WHAT YOU SHOULD DO
Print the entries below again exactly as they stand, but skip any picture.

DATA TO USE
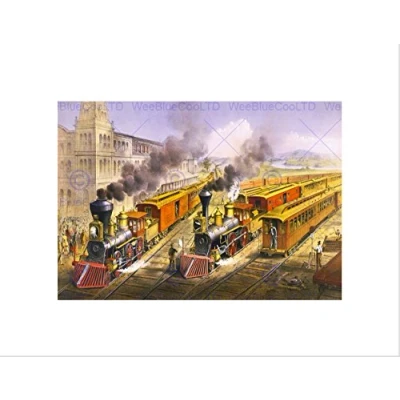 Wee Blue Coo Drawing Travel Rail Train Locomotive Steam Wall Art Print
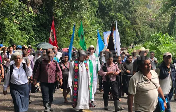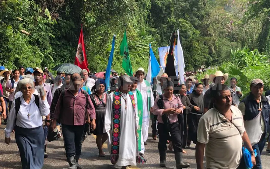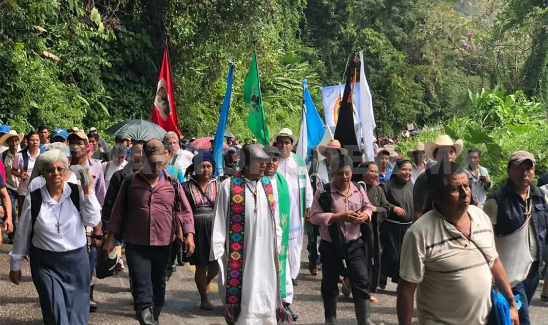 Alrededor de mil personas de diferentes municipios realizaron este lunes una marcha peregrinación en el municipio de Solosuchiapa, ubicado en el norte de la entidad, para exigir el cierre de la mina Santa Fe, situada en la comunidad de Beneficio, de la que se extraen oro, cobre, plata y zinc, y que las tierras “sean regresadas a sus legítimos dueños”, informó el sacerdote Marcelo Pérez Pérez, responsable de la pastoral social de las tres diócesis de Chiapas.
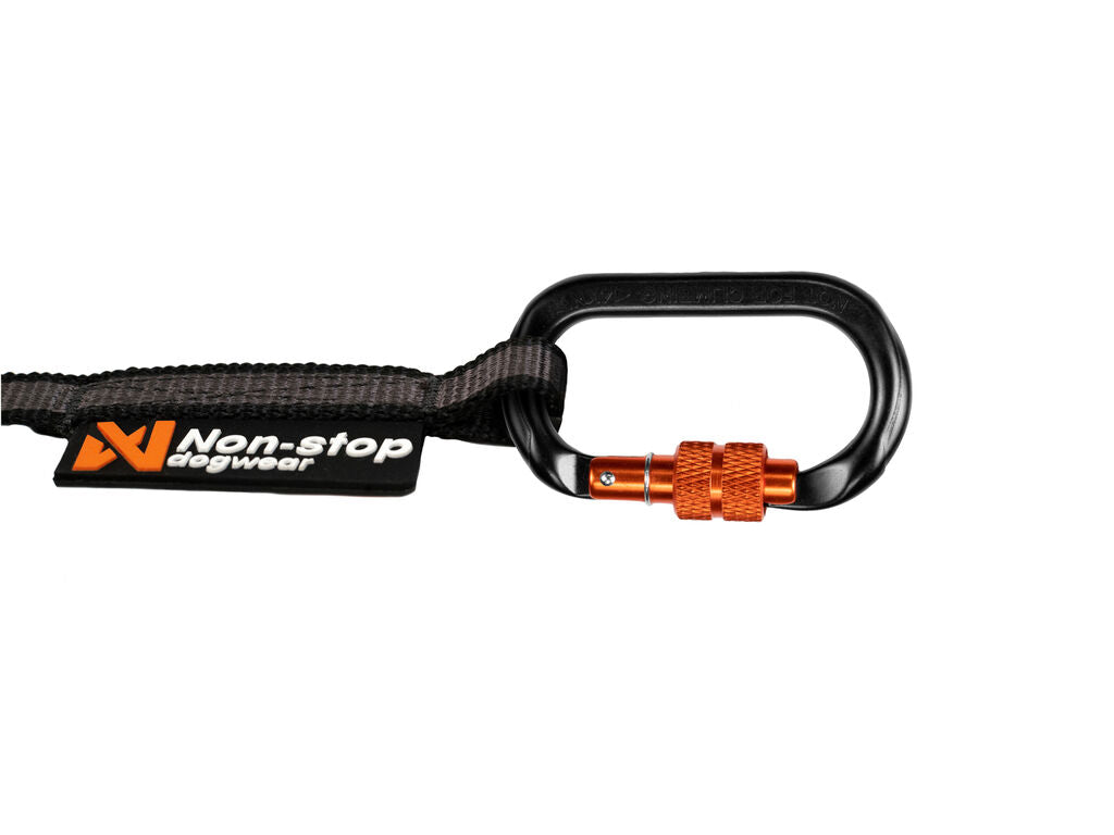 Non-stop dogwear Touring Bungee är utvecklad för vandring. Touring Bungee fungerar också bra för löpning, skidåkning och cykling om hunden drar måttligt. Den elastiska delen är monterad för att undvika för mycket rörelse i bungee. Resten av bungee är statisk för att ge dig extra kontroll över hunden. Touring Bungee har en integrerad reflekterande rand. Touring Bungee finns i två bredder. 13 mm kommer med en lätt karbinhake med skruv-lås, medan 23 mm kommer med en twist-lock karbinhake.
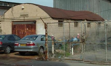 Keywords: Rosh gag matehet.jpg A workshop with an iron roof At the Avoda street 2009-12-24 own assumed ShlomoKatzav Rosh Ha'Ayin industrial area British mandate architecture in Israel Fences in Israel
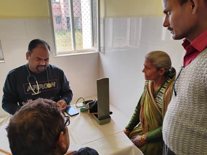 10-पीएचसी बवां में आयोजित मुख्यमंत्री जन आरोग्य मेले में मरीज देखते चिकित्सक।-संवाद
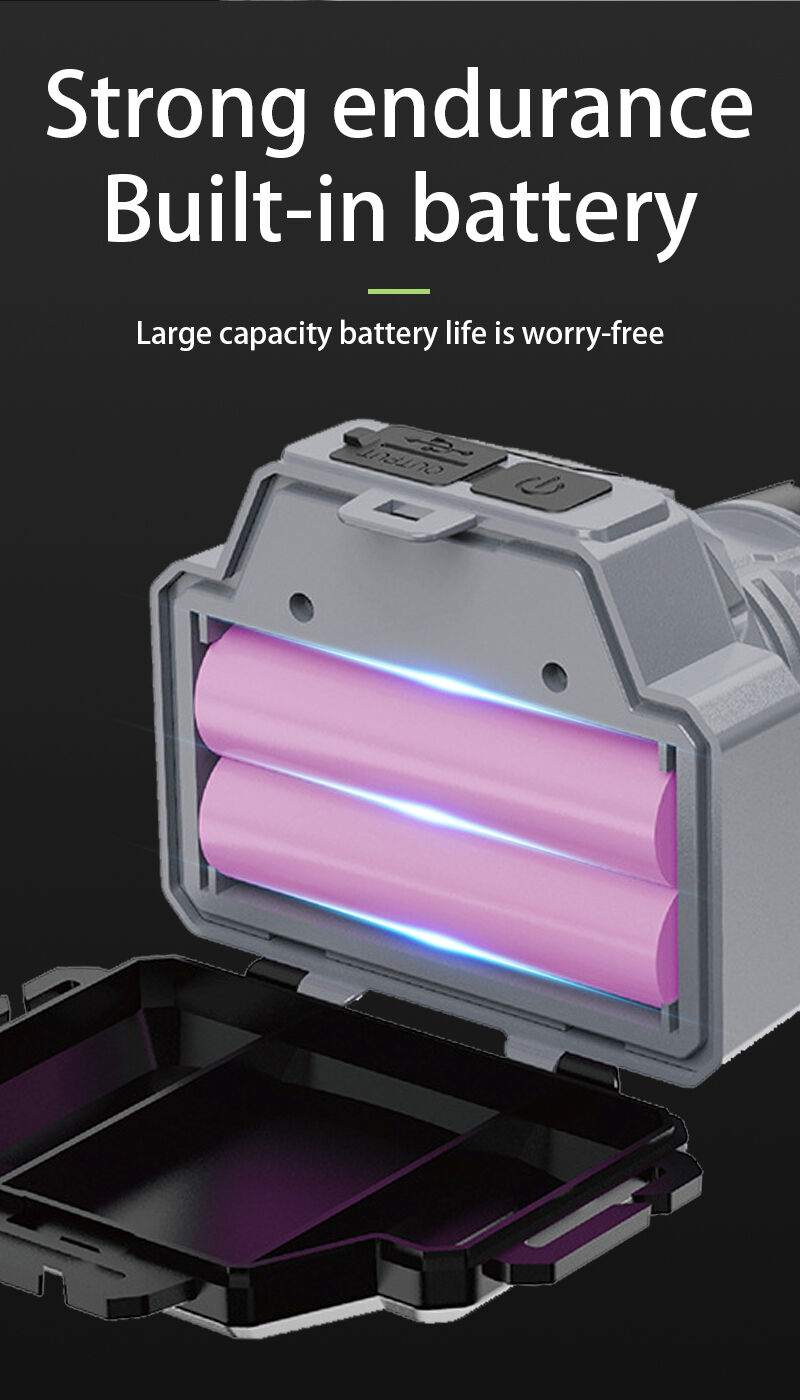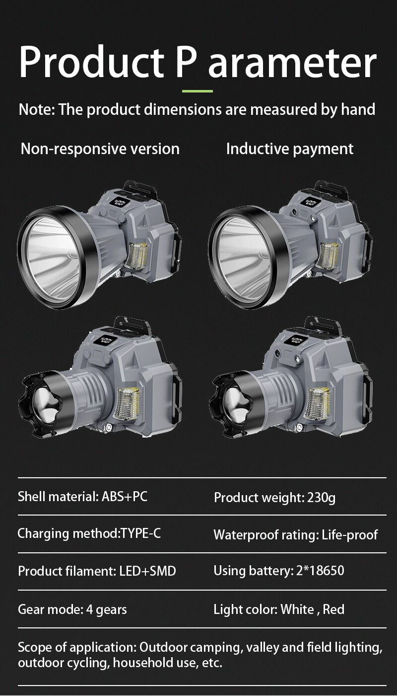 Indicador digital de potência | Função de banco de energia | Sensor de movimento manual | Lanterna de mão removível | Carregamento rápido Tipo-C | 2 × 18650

EXERCISE OUTPUT
 Wee Blue Coo Drawing Travel Rail Train Locomotive Steam Wall Art Print
 Alrededor de mil personas de diferentes municipios realizaron este lunes una marcha peregrinación en el municipio de Solosuchiapa, ubicado en el norte de la entidad, para exigir el cierre de la mina Santa Fe, situada en la comunidad de Beneficio, de la que se extraen oro, cobre, plata y zinc, y que las tierras “sean regresadas a sus legítimos dueños”, informó el sacerdote Marcelo Pérez Pérez, responsable de la pastoral social de las tres diócesis de Chiapas.
 Non-stop dogwear Touring Bungee är utvecklad för vandring. Touring Bungee fungerar också bra för löpning, skidåkning och cykling om hunden drar måttligt. Den elastiska delen är monterad för att undvika för mycket rörelse i bungee. Resten av bungee är statisk för att ge dig extra kontroll över hunden. Touring Bungee har en integrerad reflekterande rand. Touring Bungee finns i två bredder. 13 mm kommer med en lätt karbinhake med skruv-lås, medan 23 mm kommer med en twist-lock karbinhake.
 Keywords: Rosh gag matehet.jpg A workshop with an iron roof At the Avoda street 2009-12-24 own assumed ShlomoKatzav Rosh Ha'Ayin industrial area British mandate architecture in Israel Fences in Israel
 10-पीएचसी बवां में आयोजित मुख्यमंत्री जन आरोग्य मेले में मरीज देखते चिकित्सक।-संवाद
 Indicador digital de potência | Função de banco de energia | Sensor de movimento manual | Lanterna de mão removível | Carregamento rápido Tipo-C | 2 × 18650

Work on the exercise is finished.